# Records for this task
■ ■ ■ ■ ■ ■ ■

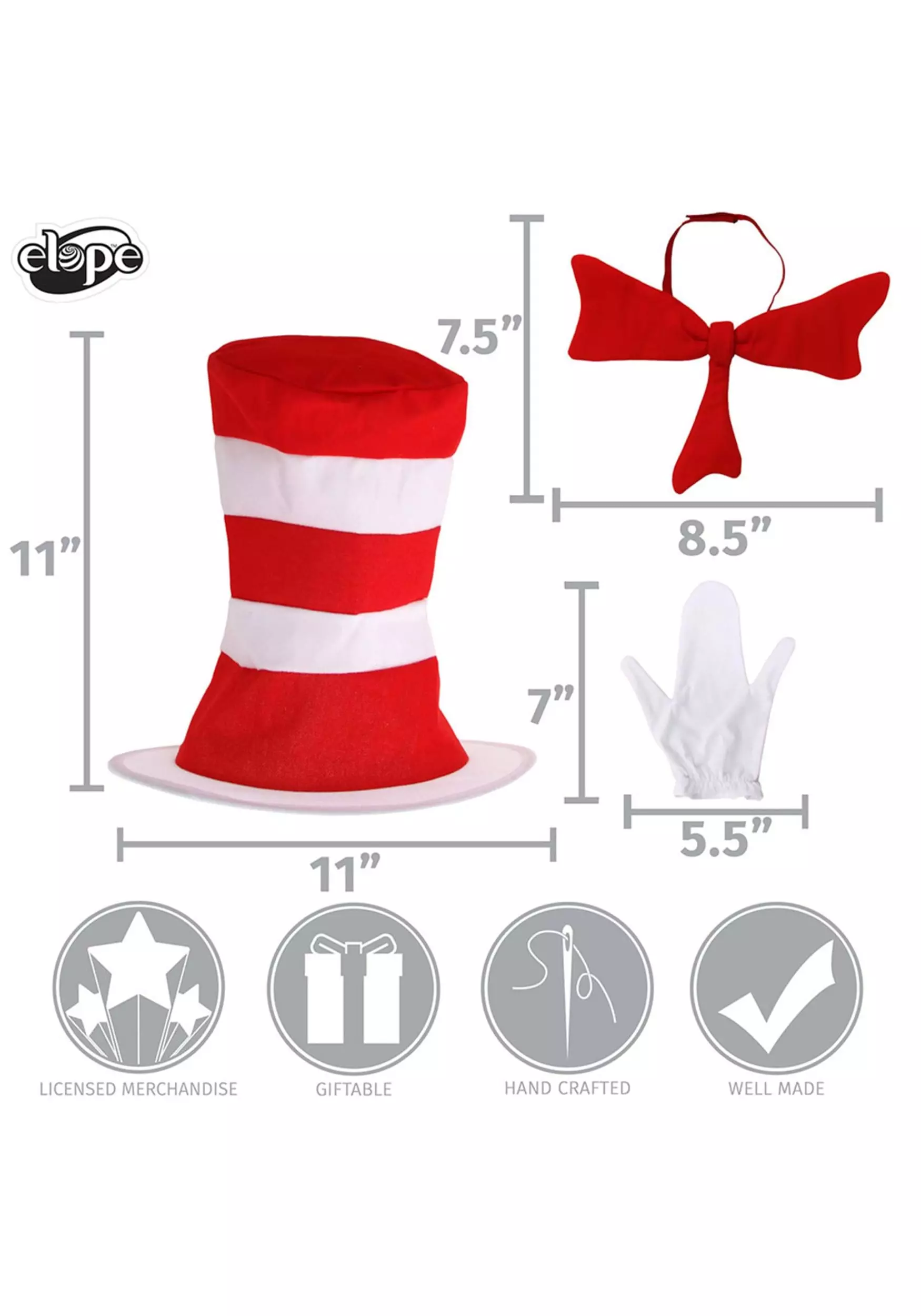 Our costume designers crafted this kit for all child fans who want to feel like The Cat! It starts with a white and red striped hat, which is constructed out of a brushed knit flannel material. The wire brim lets you shape the hat as you please, and the included bow tie gives your child the final transformation!
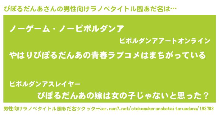 | 女子向けラノベタイトル風あだ名 | 『ぴぽるだんあ伯爵の花嫁』 |
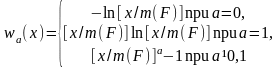 Для первого показателя - логарифмической меры расслоения - имеем функцию w(x)=-ln[x/(F)], которая дает название меры. Для нее весовая функция p имеет вид p[(Fi)]=1. а показатель расслоения
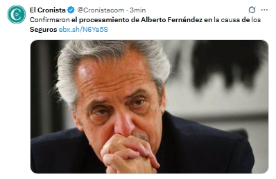 La Justicia argentina confirmó este martes el procesamiento del expresidente Alberto Fernández en la causa que investiga supuestas irregularidades en la contratación de seguros durante su gestión, informó Cadena 3. Con el fallo de la Cámara Federal de Comodoro Py, el exmandatario queda a un paso del juicio oral.
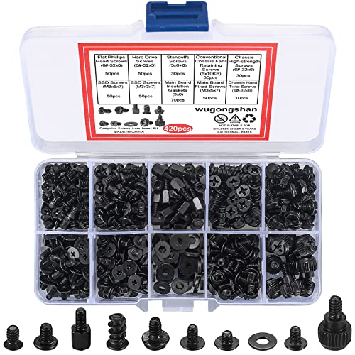 wugongshan 420 st. datorskruvar, stativset, PC-moderkortsskruvar, avståndshållare, tillbehör för personligt PC-chassi, moderbord, fläkt, hårddiskar, CD-ROM, skruvset

■ ■ ■ ■ ■ ■ ■

# Requirement
Only what runs from the line with "Для первого показателя" through the last line of the listing above belongs in the answer, set down exactly and free of pictures.

# Exercise answer
 Для первого показателя - логарифмической меры расслоения - имеем функцию w(x)=-ln[x/(F)], которая дает название меры. Для нее весовая функция p имеет вид p[(Fi)]=1. а показатель расслоения
 La Justicia argentina confirmó este martes el procesamiento del expresidente Alberto Fernández en la causa que investiga supuestas irregularidades en la contratación de seguros durante su gestión, informó Cadena 3. Con el fallo de la Cámara Federal de Comodoro Py, el exmandatario queda a un paso del juicio oral.
 wugongshan 420 st. datorskruvar, stativset, PC-moderkortsskruvar, avståndshållare, tillbehör för personligt PC-chassi, moderbord, fläkt, hårddiskar, CD-ROM, skruvset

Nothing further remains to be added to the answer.